Перед обеденным перерывом женщины поглядывали в оконца,
пока чей-либо голосок не объявлял:
– Леночка! Твой прикатил.
Леночка торопливо подкрашивала губки, поправляла у зеркала
причёску и выбегала на улицу. Чёрная, лакированная «Волжанка» уносила Леночку в направлении известном лишь ей и её спутнику.
После шикарного отъезда королевы отдела парами и в одиночку
растекались по ближайшим стекляшкам и столовкам.
Послеобеденная половина рабочего дня не отличалась от дообеденной, если не считать застольных посиделок вскладчину в честь дня рождения кого-либо из коллег или дат еще более знаменательных.
В конце рабочего дня опять все поглядывали в оконца, пока чей-либо иронический голосок не изрекал:
– Леночка! Законный прикатил.
Леночка неторопливо убирала рабочее место, выходила на улицу. Муж её, человек непьющий и некурящий, услужливо открывал перед ней дверцу «Копейки» вишнёвой масти.
Бывало, после очередного отпуска кто-то из незамужних, продемонстрировав перед ахающими коллегами щедрые дары новоявленного, «ну, обалден-н-ого!» жениха, уносился за благоверным в розовую даль, прокляв при этом и свой городишко, и скособоченную «хибару», где пришлось просидеть молодость, щёлкая счётами. Только, не проходило и полугода, как путешественница вновь восседала за своим рабочим столом, так никем и не облюбованным за время её очередного «замужества».
Этот день отличался от других тем, что «девочки» получили аванс и до предстоящего всенародного праздника оставалась пара суток.

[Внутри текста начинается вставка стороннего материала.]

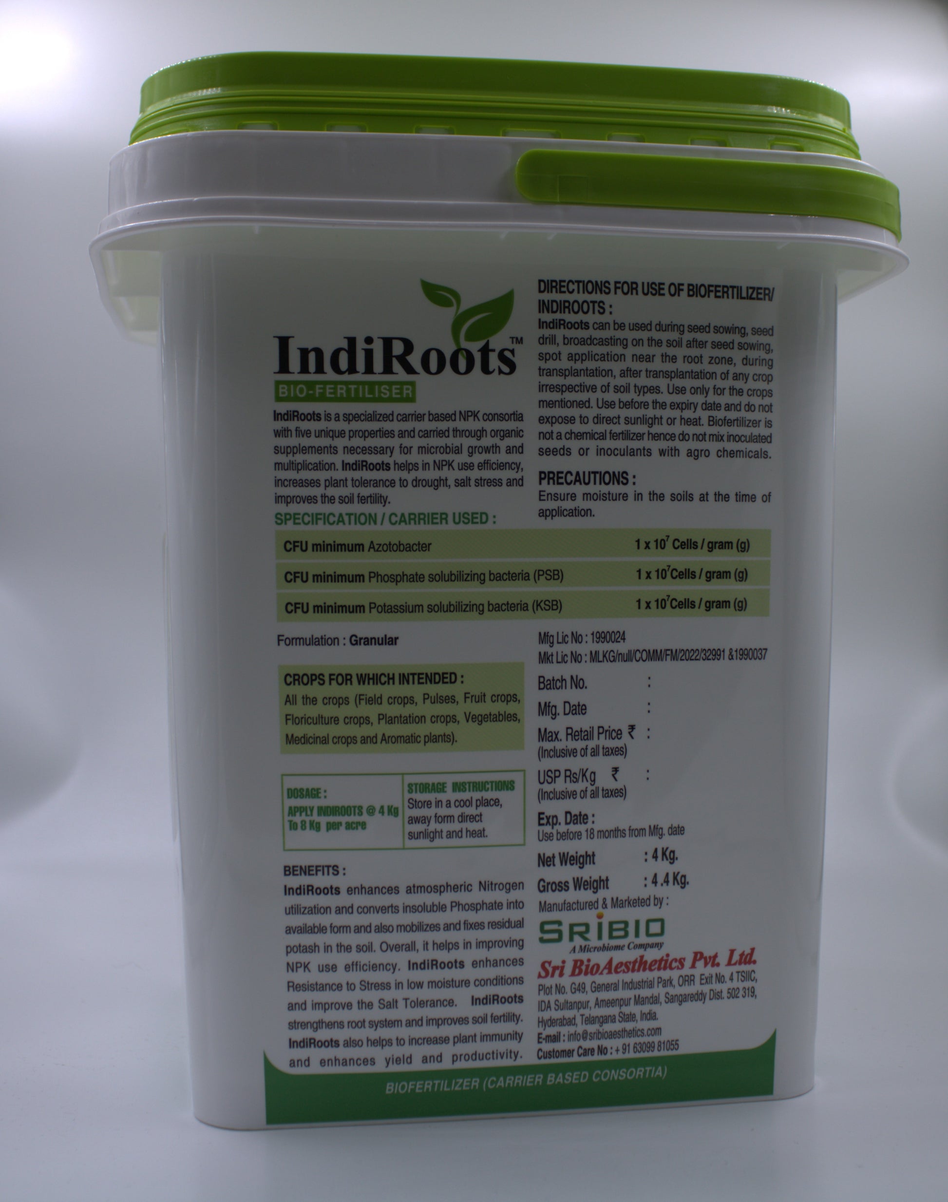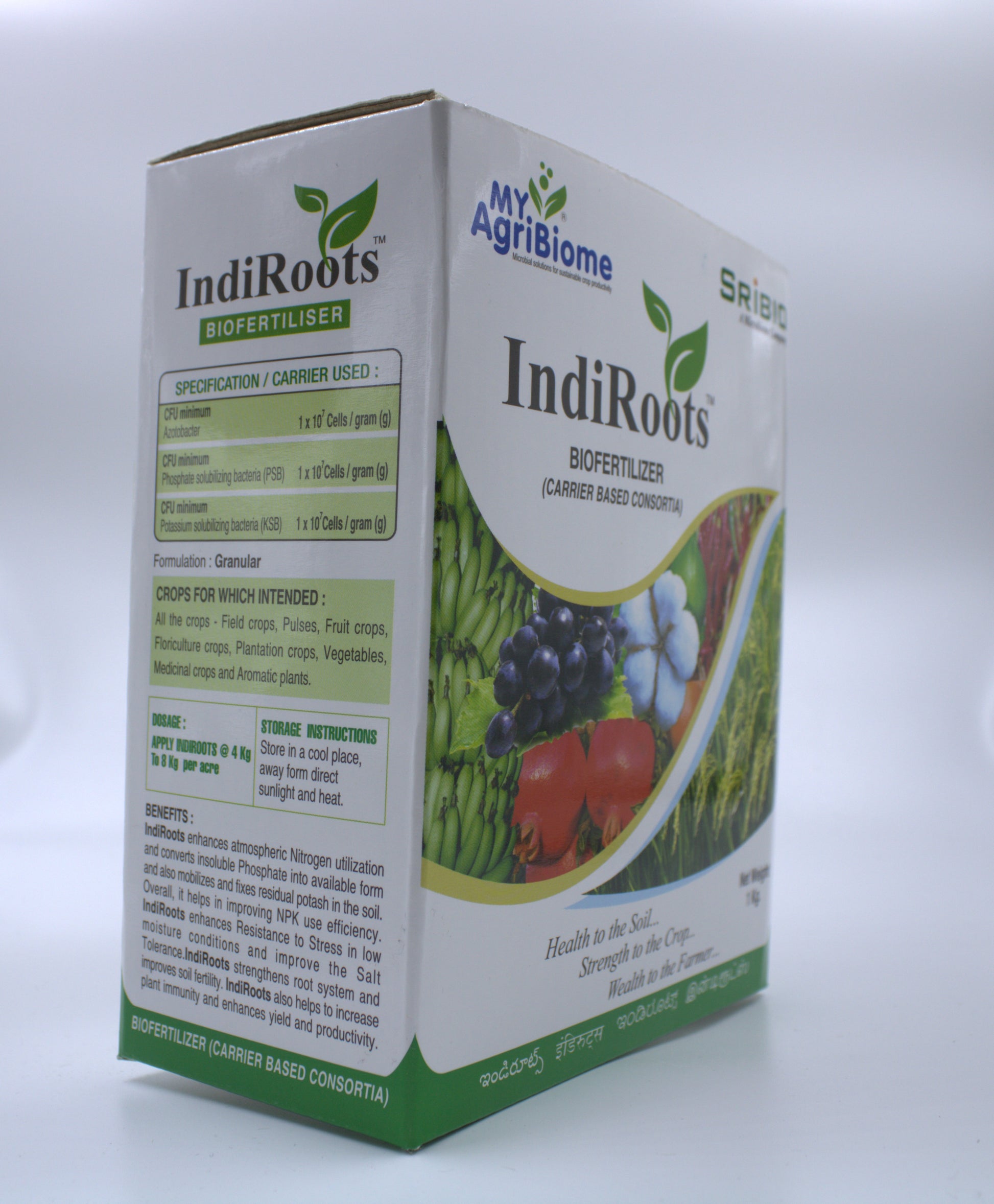 IndiRoots can be used during seed sowing, broadcasting on the soil after seed sowing, spot application near the root zone, during transplantation of any crop irrespective of soil types.

Когда Зинаида Ивановна в конце рабочего дня решила подбить «дебет-кредит» своих наличных финансов, то ни бухгалтерских счётов, ни калькулятора не потребовалось. Единственную зелёную трёшку она положила в наружный боковой карман демисезонного пальто и похлопала по своему упругому бедру:
– Вот оно, девочки, всё богатство. Теперь тяни, как сумеешь.
Взяла тряпичную сумку, туго набитую предпраздничными покупками, с которой искривлено и счастливо улыбалась звезда советской эстрады популярная в восьмидесятые годы.
Упомянутые ранее ступеньки крыльца устало заворчали под тяжестью её тела и ноши, однако и на этот раз выдержали. Из тронувшихся вишнёвых «Жигулей» Леночка «сделала ручкой» тёте Зине и выпустила колечко сигаретного дыма.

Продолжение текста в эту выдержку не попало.